Emma doesn’t have a car. She hasn’t got her licence yet, and even if she did, she couldn’t afford one anyway. So she takes the bus to and from the hospital every day.
She sits in the same spot, curled up against the window, hugging her backpack to her chest. She listens to an audiobook on her phone with one EarPod in, always half-aware of her surroundings.
It’s a rare pocket of calm before the inevitable chaos of her shift. There’s hardly a day that goes by without something going wrong at PTMC, and it’s exhausting trying to keep up with it all.
“Baby Deer,” is what people have started to call her. It fits, she supposes. Still wide-eyed. Still a little too soft around the edges. Still startled by every new thing that comes through the ER doors.
She watches the city blur past the window and tries to hold onto the quiet for a few more stops. She startles when an alpha sits down beside her, mostly because the rest of the bus is nearly empty. She goes very still, shoulders tight, breathing carefully through her mouth until her stop finally comes.
She practically jumps up, hurries off the bus, and keeps glancing over her shoulder as she walks away, nerves still stretched too tight under her skin.
She’s halfway across the hospital car park when she nearly collides with someone.
A wall of an alpha; tall, broad, completely immovable in the way he stops her momentum. She only registers the height first, then the presence of him, close enough that her vision goes fuzzy at the edges.
“Sorry,” she blurts, stepping back too fast, eyes darting anywhere but his face.
His hand comes out to steady her near the elbow. Firm, rough, not unkind, but not exactly gentle either. More of a warning than a hold. And his scent hits her properly then, clean and deep and grounding.

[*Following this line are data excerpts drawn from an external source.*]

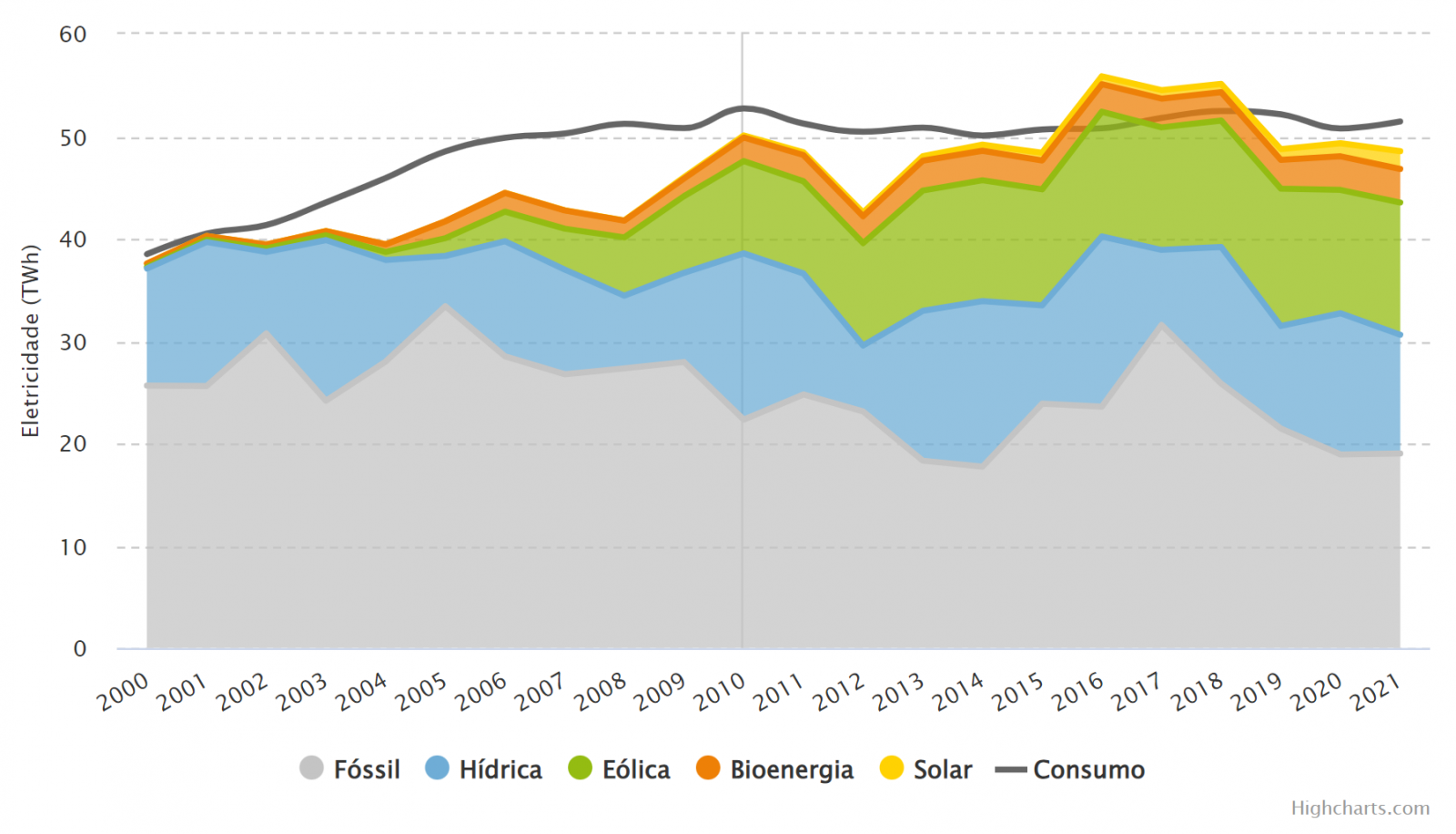 Entre janeiro e julho de 2022 foram produzidos 24 664 GWh de energia elétrica em Portugal Continental, dos quais 55,7% foram de origem renovável e os restantes 44,3% foram de origem fóssil, segundos dados das Redes Energéticas Nacionais (REN).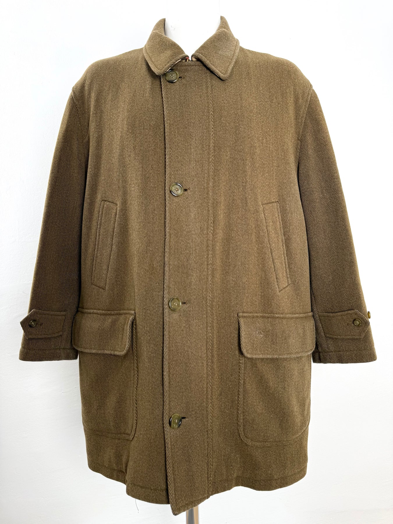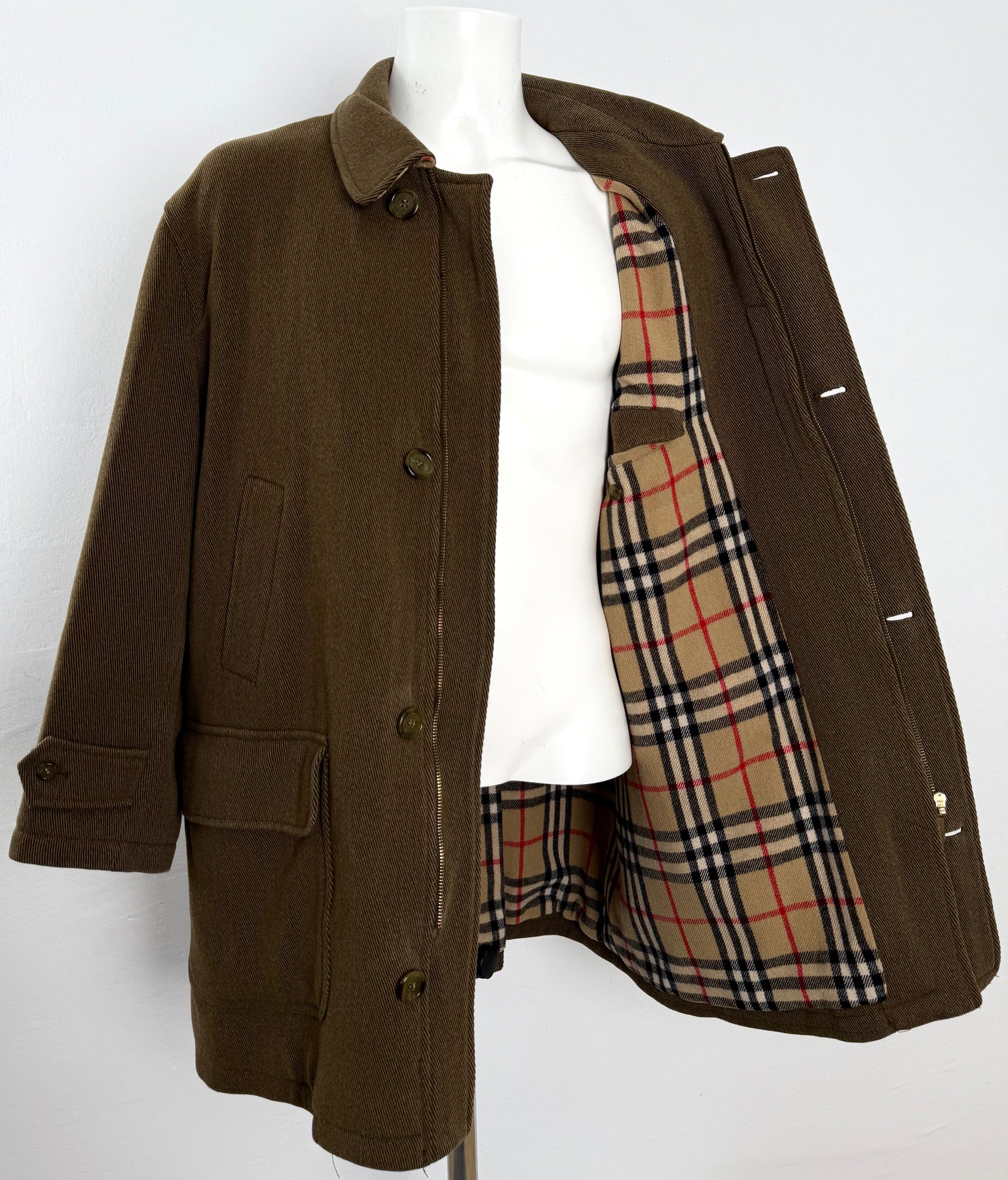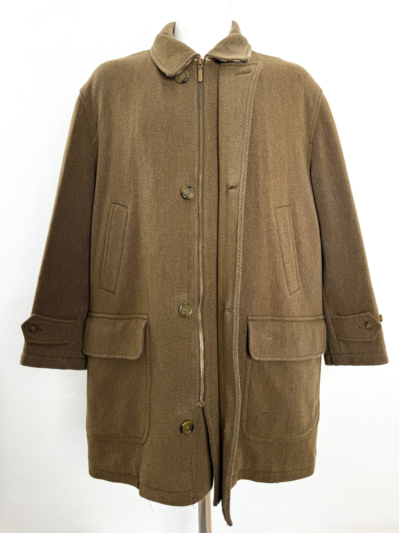 Abrigo de lana Burberry color marrón talla 5 (XL) en perfecto estado (prácticamente nuevo con poco uso). Gran calidad de lana y poliamida con forro interior de lana, acrílico y poliéster, cuenta con todos los botones y cremalleras originales.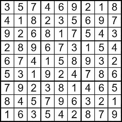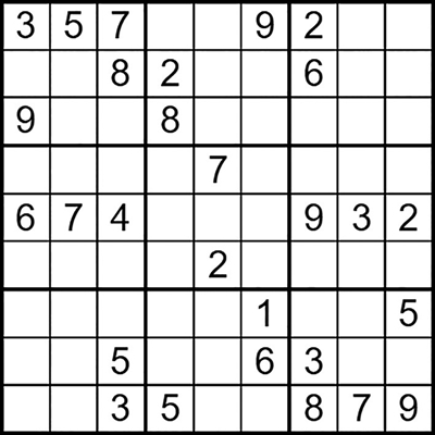 在每个小格子里填入1-9中的数字,使得每个数字在“九宫阵”的每行、每列、每个宫格中均只出现一次。(答案→)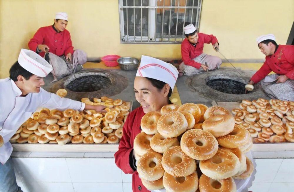 克孜勒蘇柯?tīng)柨俗巫灾沃莅⒖颂湛h巴仁鄉(xiāng)巴仁村烤馕合作社。約提克爾·尼加提 攝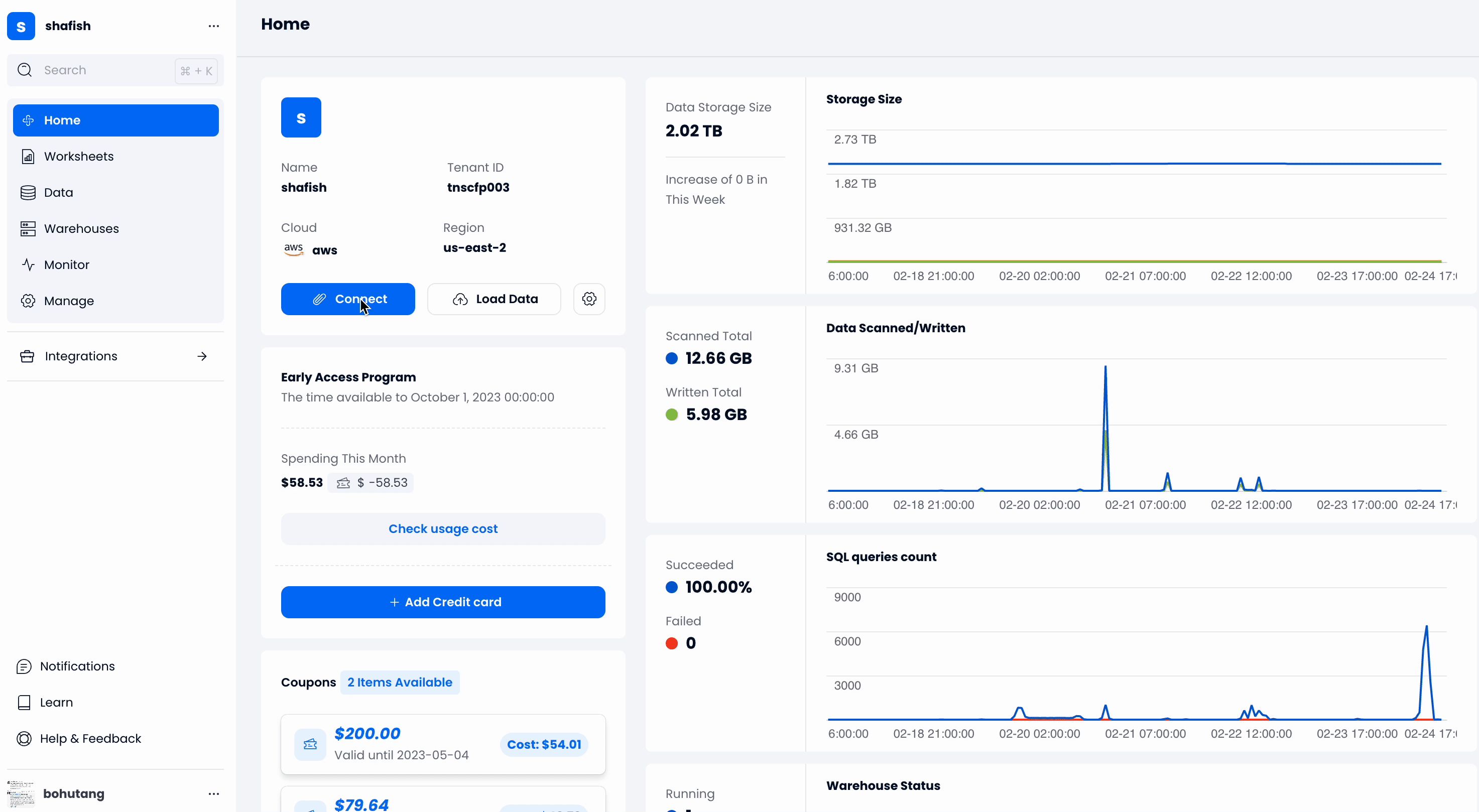 Before you dive in, let's have a preview of the main components and features of Databend Cloud to give you an idea of what it looks like.

“I—sorry,” she repeats, faster this time, voice thin with panic she can’t quite control. She ducks her head, desperately wishing that she could disappear into herself. “Sorry, I just—I’m going to be late for my shift.”
She doesn’t wait for a reply. She slips past him and hurries into the hospital, far too aware of her own heartbeat, of the way her skin feels too warm, and her throat is tight, and her scent patch suddenly feels like it’s suffocating her.
It isn’t until she locks herself in the nearest bathroom stall that she realises her hands are shaking.